Saturday also included time with one of Mary Ann’s Sisters-in-Law, renewing the connection with her family.   I would assess Mary Ann to be favorite Aunt Mary in that clan.  Two of her brothers are deceased and the third is estranged.  She has always felt close to her nieces and nephews. 

Later in the day, I got to spend time with one of Mary Ann’s lifelong friends and her husband.  Mary Ann is part of a foursome who became friends around the time they were in the Fifth Grade.  They have been fast friends since.  I, too, consider them (and spouses) to be friends.  However, when the four of them get-together, I head for the hills.  They immediately become four teen-aged girls, laughing uproariously. 

Everyone missed seeing Mary Ann, and I was disappointed for Mary Ann that she didn’t get to be there.  

When I returned Sunday evening, I was very tired, but basically fine.  As the day wore on yesterday (Monday), the consequence of all that driving emerged.  Apparently, some inflammation in my back was pushed over the edge by my return to the routine of assisting Mary Ann getting up and down. 

The pain is located right at the point that seems to serve as the fulcrum for my leveraging her up and down from a sitting position.  I do that many dozens of times in a day.  The level of pain reached a seven or eight on the ten point scale usually used by those assessing pain. 

The pain is problem enough.  What is more troublesome is the prospect of its not getting better, but rather getting worse, since Mary Ann’s need for my help does not diminish as my ability to help lessens. 

At the moment we are walking the line between being able to manage here and not being able to manage here.  Yesterday afternoon, without an appointment, I finally just stopped by the Chiropractor I go to when bone and joint pains come.  I prefer manipulation that targets the pain, to medications that impact the whole body systemically.  I am not averse to pain medications.  I just recognize their limitations and their side effects. 

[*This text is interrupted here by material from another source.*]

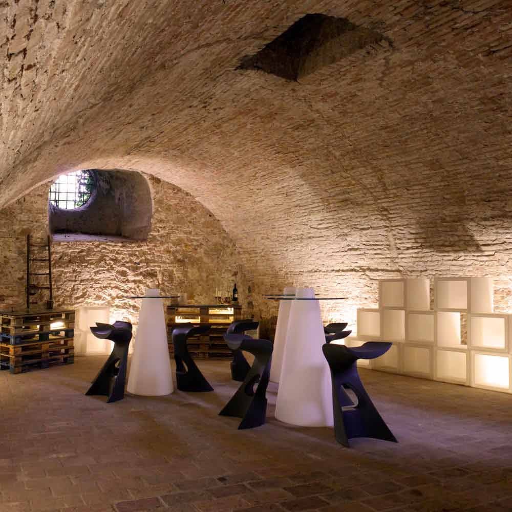 Het bestaat uit een conische basis van polyethyleen en een rond blad van gehard glas. Een niet onverschillige bijzonderheid is het centrale flessenvak, een detail dat bij speciale gelegenheden het verschil kan maken.

Ice packs, Ibuprofen, and a second trip to the Chiropractor has brought the level of the pain down from its peak yesterday and this morning.   I have moved more slowly and carefully when helping Mary Ann  up and down, asking her to do more of the work in the process.  I have toyed with the idea of trying to call the church to see if I could get an older female teen or young adult who has pretty good upper body strength to work here at the house for a few hours each of the next couple of days at maybe $10 per hour, just to do the lifting part of the Caregiving task. 

My goal is to move away from the line we are now walking.  The other side of the that line appears to be far less workable than this side of the line.  In fact, it looks pretty frightening.   At the moment, we are in a precarious position, right on the line between doable and not doable.   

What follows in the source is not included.